WLCG Operations Coordination Minutes - March 5th, 2015

Agenda

https://indico.cern.ch/event/378502/

Attendance

local: Andrea Sciabà (minutes), Alessandro Di Girolamo (ATLAS), Andrea Manzi (IT-SDC), Stefan Roiser (LHCb), Maarten Litmaath (ALICE), Prasanth Kothuri (IT-DB), Oliver Keeble (IT-SDC)

remote: Pepe Flix (chair), Thomas Hartmann (KIT), Michael Ernst (BNL), David Cameron (ATLAS), Renaud Vernet (IN2P3-CC), Ulf Tigerstedt (NDGF), Vladimir Romanovskiy (LHCb), Alessandra Forti (Manchester), Christoph Wissing (CMS), Maite Barroso (Tier-0), Alessandra Doria (Italian T2s), Antonio Perez Calero Yzquierdo (CMS), Di Qing (TRIUMF), David Mason (FNAL), Jean-Michel Barbet (IN2P3), Rob Quick (OSG), Shawn McKee, Jeremy Coles (GridPP), Gareth Smith (RAL), Catherine Biscarat (France)

Operations News

Analyzing the survey data, preliminary results will be shown at the GDB. The final results will be presented at Okinawa. Of course, site confidentiality will be always ensured.

Middleware News

Useful Links:

Baselines:
- FTS 3.2.32 : Important fixes for Activity Shares; all sites but one have already upgraded
- dCache, 2.6.40, 2.10.18, 2.11.9 : various bug fixes and possible vulnerability on FTS doors
  - dCache 2.6.x end of support is 06/2015

MW Issues:
- RAL reported a possible problem upgrading gfal2 in their WN ( conflict with gfal). https://ggus.eu/?mode=ticket_info&ticket_id=112107, waiting for details
- Freak vulnerability : http://web.nvd.nist.gov/view/vuln/detail?vulnId=CVE-2015-0204, to evaluate the impact in WLCG

T0 and T1 services
- CERN
  - FTS upgraded to v 3.2.32
  - CASTORALICE upgraded to v 2.1.15
- BNL
  - dCache upgraded to 2.10.20 from 2.6.18
  - Xrootd upgraded to 4.1.1 and dev version
  - FTS upgraded v.3.2.32
- FNAL
  - StoRM upgraded to 1.11.7 for ATLAS
  - XRootd upgraded to 4.1.1 for ATLAS
- IN2P3
  - dCache upgraded to 2.10.18
  - Xrootd upgraded to 4.1.1 for FAX
- JINR-T1
  - FTS upgraded to v 3.2.32
- NDGF
  - dCache upgraded to 2.12.0 ( early adopter not yet officially released)
- PIC
  - dCache planned to be upgraded to 2.10.20 ( or latest available) on the 10th of March
- RAL
  - FTS upgraded v.3.2.32

TarBall WN and UI status and Maintenance, regular installation in CVMFS
- We would like to install in CVMFS latest version of tarball UI and WN
- it's unclear the status of the support and who is working on assembling the tarballs
- interest from IN2P3 to test new versions of the tarball when available

After the meeting Jeremy sent a clarification on the tarball WN version in CVMFS. Matt Doidge, in a UK meeting this morning, said:

The latest version of the WN hadn't made its way into CVMFS yet - it used to be that the CVMFS developers unpacked the tarball into the grid.cern.ch CVMFS repository for me but recently Jakob gave me access to the repository so I can do it all in-house. I was going to wait until after this week's workshop before trying to upload anything though.
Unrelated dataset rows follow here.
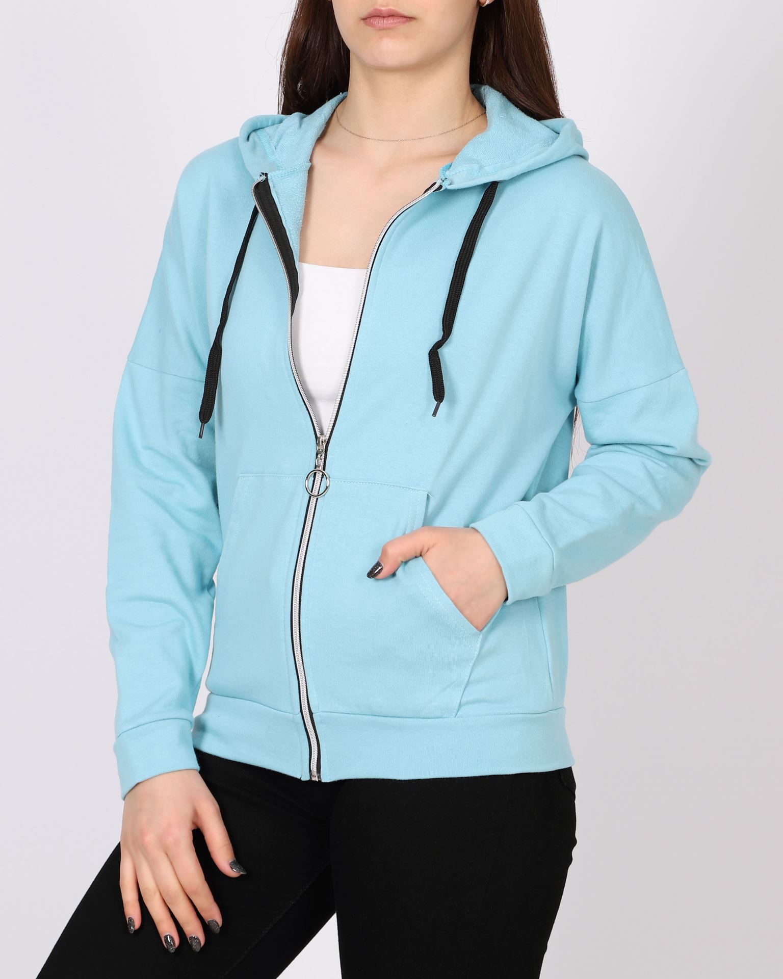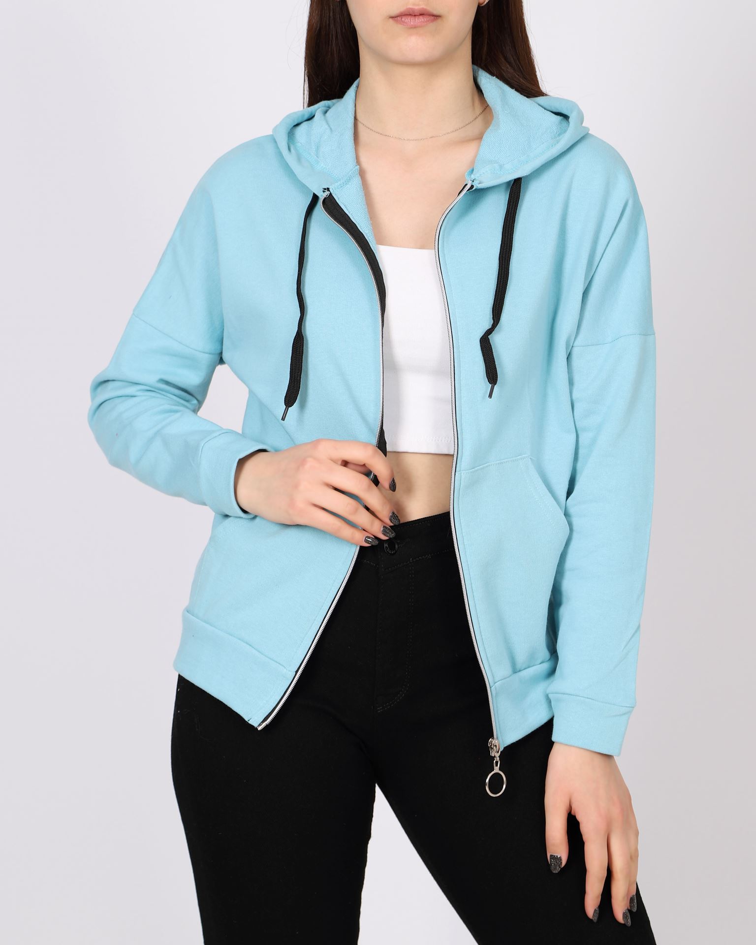 Turkuaz Kapüşonlu Fermuarlı Sweat SWT921
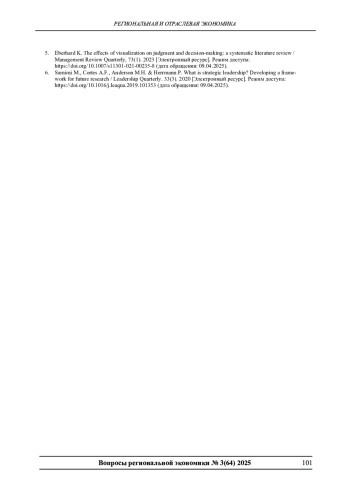 5. Eberhard K. The effects of visualization on judgment and decision-making: a systematic literature review / Management Review Quarterly, 73(1). 2023 [Электронный ресурс]. Режим доступа: 10.1007/s11301-021-00235-8 (дата обращения: 09.04.2025). DOI: 10.1007/s11301-021-00235-8( EDN: NHJANW
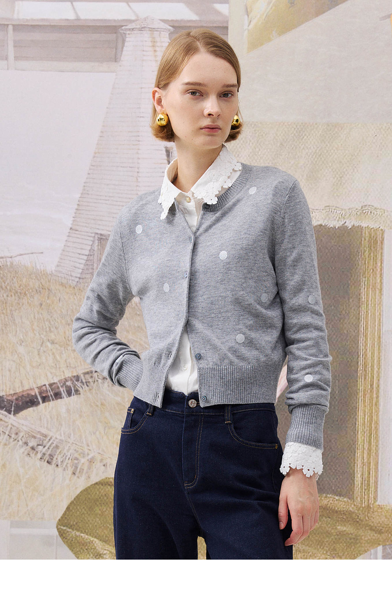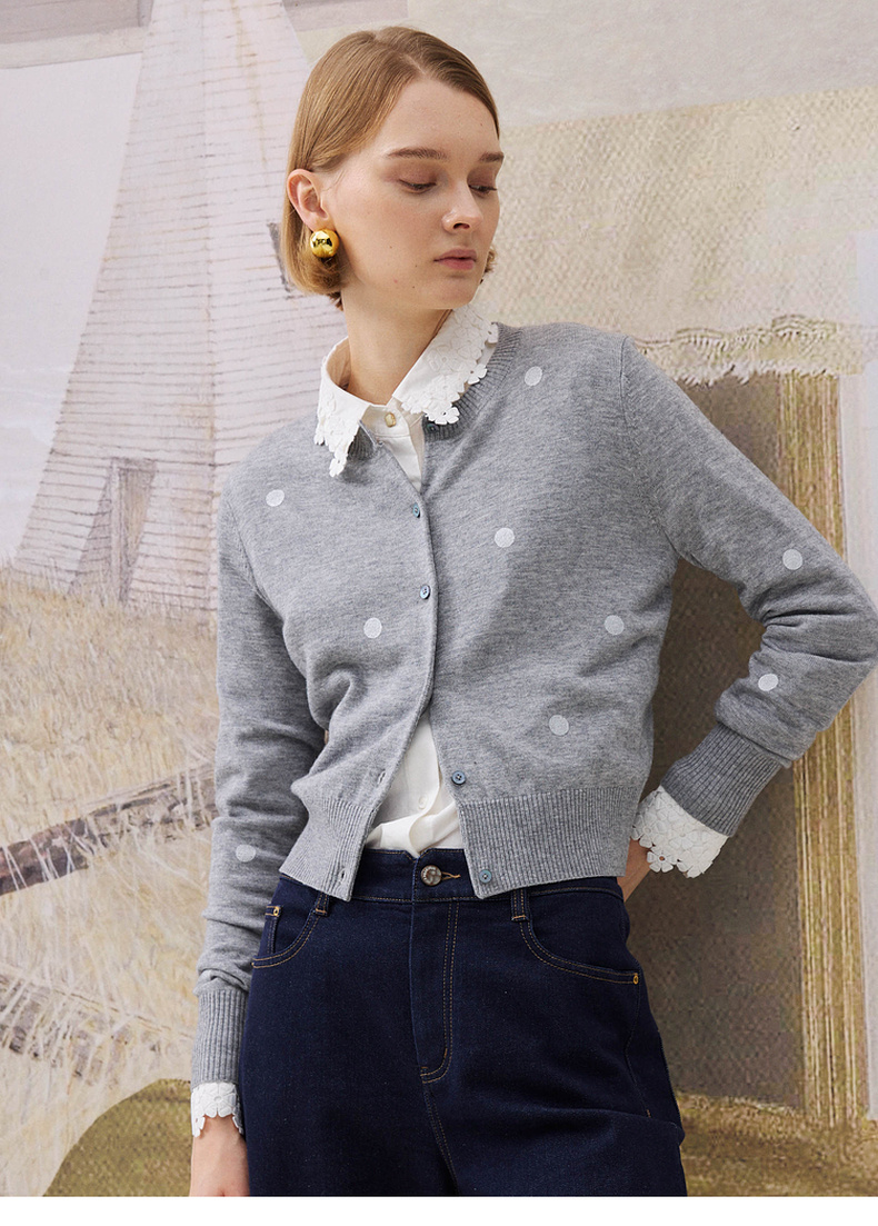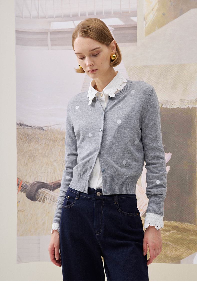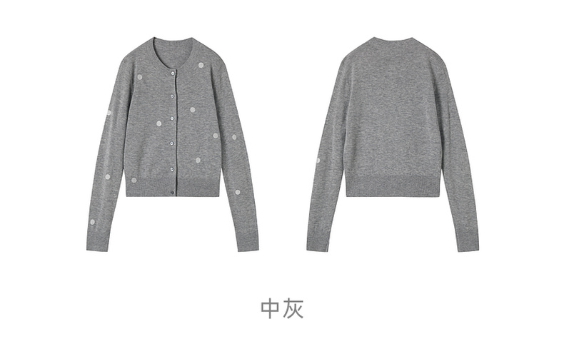 谜底针织开衫长袖2025冬季新品贝壳扣波点印花毛衣女254MZ1897
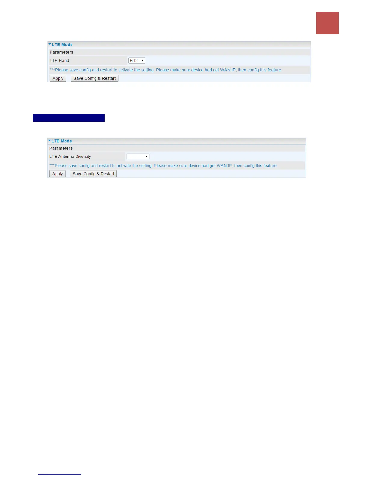 LTE Antenna Diversity *: When enabled, the auxiliary antenna will be activated. With disabled, only
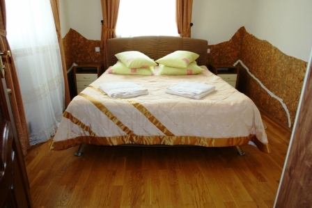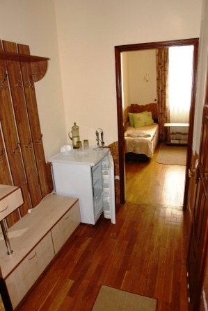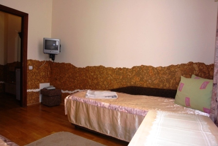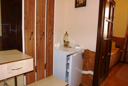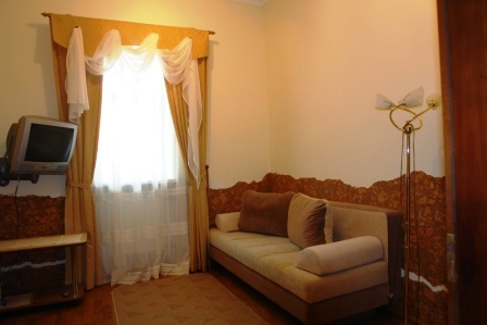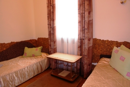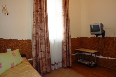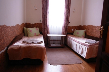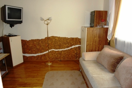 Проживание на дополнительном месте - 70 грн/сутки Для детей 6-14 лет скидка 30% на проживание на основном месте В каждом номере беcплатно WiFi Бесплатный трансфер с автовокзала и ж/д вокзала Трускавца Номера «ПРЕМЬЕР» - это двухместные, двухкомнатные номера общей площадью до 30 кв.м. Состоит номер из спальни (2 прикроватные тумбочки, двуспальная кровать, шкаф платяной, туалетный столик), гостинной (диван раскладной, сервант с посудой, стол журнальный, телефон, телевизор, холодильник) и совмещенного санузла (душ-кабина, умывальник, туалет). Номера «ЭКСКЛЮЗИВ» - 1-2-х местные, однокомнатные номера общей площадью до 17 кв.м. В номере есть телевизор, холодильник, 1 или 2 раздельные кровати, телефон, платяной шкаф, журнальный столик, стулья, совмещенный санузел (душ-кабина, умывальник, туалет). Все номера выполнены в нежных пастельных тонах, паркетный пол, стены номеров декорированы пробковым деревом. Интерьер виллы Виктория Трускавец

Therefore, a new version should be uploaded within the next week.

Tier 0 News

LHCb LFC migration: Done on Monday.
- the only LFC instance left is the "shared" one; from next one we will be monitoring the usage to retire it at the same time than the LHCb one, and fully decommission the LFC service at CERN
VOMRS decommissioning and replacement by VOMS-admin: done on Monday March 2nd.
- The intervention went more or less well; a few certificates went missing during the migration. We have recovered most of them but it's still work in progress.
- The experiments are still adapting to the new interface so they report lots of things/issues that we need to explain to them.
- In overall, things look OK and it's getting better each day.
FTS3 upgraded to 3.2.32-1 on March 3rd

Stefan added that the LFC-to-DIRAC migration was complex but went very well and asked to keep the LFC around for a few months to make 100% sure that everything is fine; Maite agreed to it.

Maarten asked Maite to contact EGI operations to understand their needs about the "shared" LFC.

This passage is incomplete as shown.